Now, when thing glass plate is placed then there will be extra path difference due to this glass plate along the path ${S_1}P$ and it will be equal to $\Delta {x_{plate}} = (\mu - 1)t$ so, new complete path difference can be written as $\Delta x' = {S_2}P - {S_1}P - \Delta {x_{plate}}$ and from equation (i) we get,
$\Delta x' = \dfrac{{yd}}{D} - (\mu - 1)t$
Now, for ${n^{th}}$ bright fringe formed at point P we have,
$\Delta x' = n\lambda $ on putting the values we get,
$\Rightarrow \dfrac{{{y_n}d}}{D} - (\mu - 1)t = n\lambda $
$\Rightarrow {y_n} = \dfrac{D}{d}[(\mu - 1)t + n\lambda ]$

Now, let us find the value of y for $n + 1$ so we have,
${y_{n + 1}} = \dfrac{D}{d}[(\mu - 1)t + (n + 1)\lambda ]$
For fringe width we have,
$\beta = {y_{n + 1}} - {y_n}$
On putting the values we get,
$\Rightarrow \beta = \dfrac{D}{d}[(\mu - 1)t + (n + 1)\lambda ] - [\dfrac{D}{d}[(\mu - 1)t + n\lambda ]]$
on solving we get,
$\beta = \dfrac{{D\lambda }}{d}$ and we also know that, in young’s double slit experiment the fringe width have a value of $\beta = \dfrac{{D\lambda }}{d}$ so, even after placing the glass plate the width of fringes don’t increase neither decrease.

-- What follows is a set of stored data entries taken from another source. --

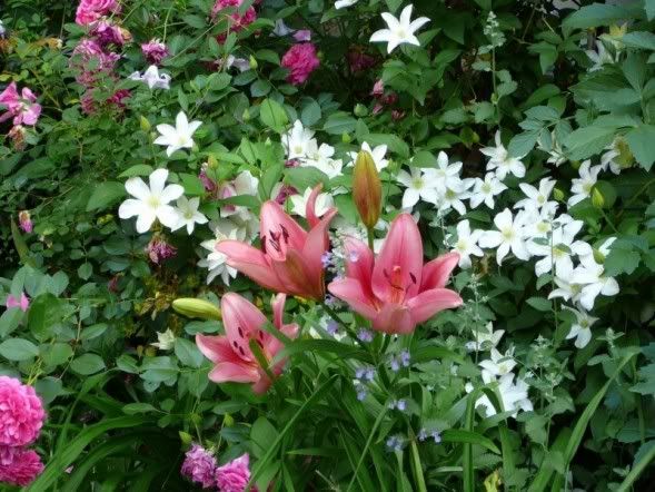 | Cindy, we must have been posting at the same time, I love that lily/clematis/rose combo!!!! Gorgeous. That lily looks like one I have here called 'Manhattan'. We are going to be in on that heat wave too. I guess we'll have to break down and turn on the AC. Deanne |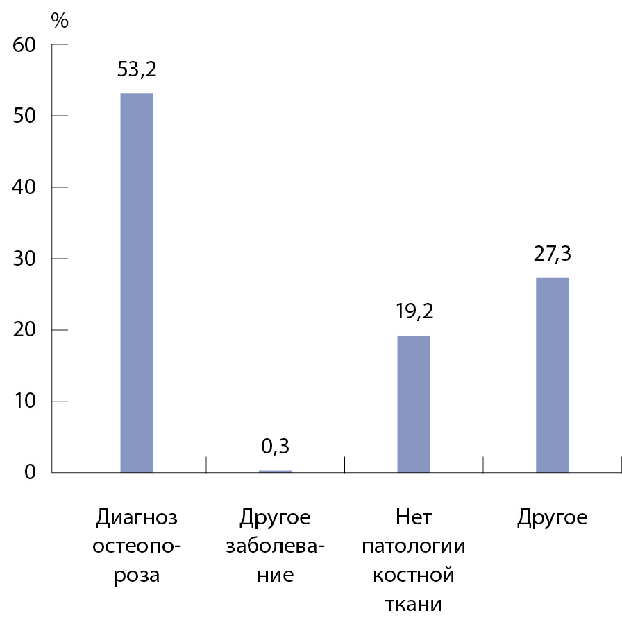 Таким образом, более чем у половины пациентов причиной обращения было получение направления на рентгеновскую денситометрию, что нецелесообразно с точки зрения использования времени врача, консультирующего в центре остеопороза. Незначительное количество пациентов, направленных терапевтами, говорит о низкой вовлеченности врачей первичного звена в работу по выявлению лиц с высокой вероятностью переломов.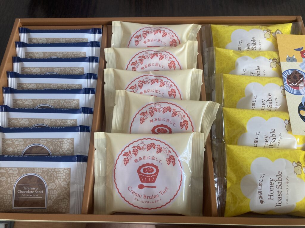 「ティラミスショコラサンド」「クリームブリュレタルト」「ハニートーストサブレ」の3種類の詰め合わせです。

Hence, the correct option is A.

Note: It should be remembered that, when a glass plate is placed on the path of wave the fringe width remain same but the position of bright fringes gets shifted in the direction where glass plate was placed and the amount to which position of fringes gets shifted is $\dfrac{D}{d}(\mu - 1)t$ and each fringes gets shifted to this amount which is the main reason of unchanged fringe width.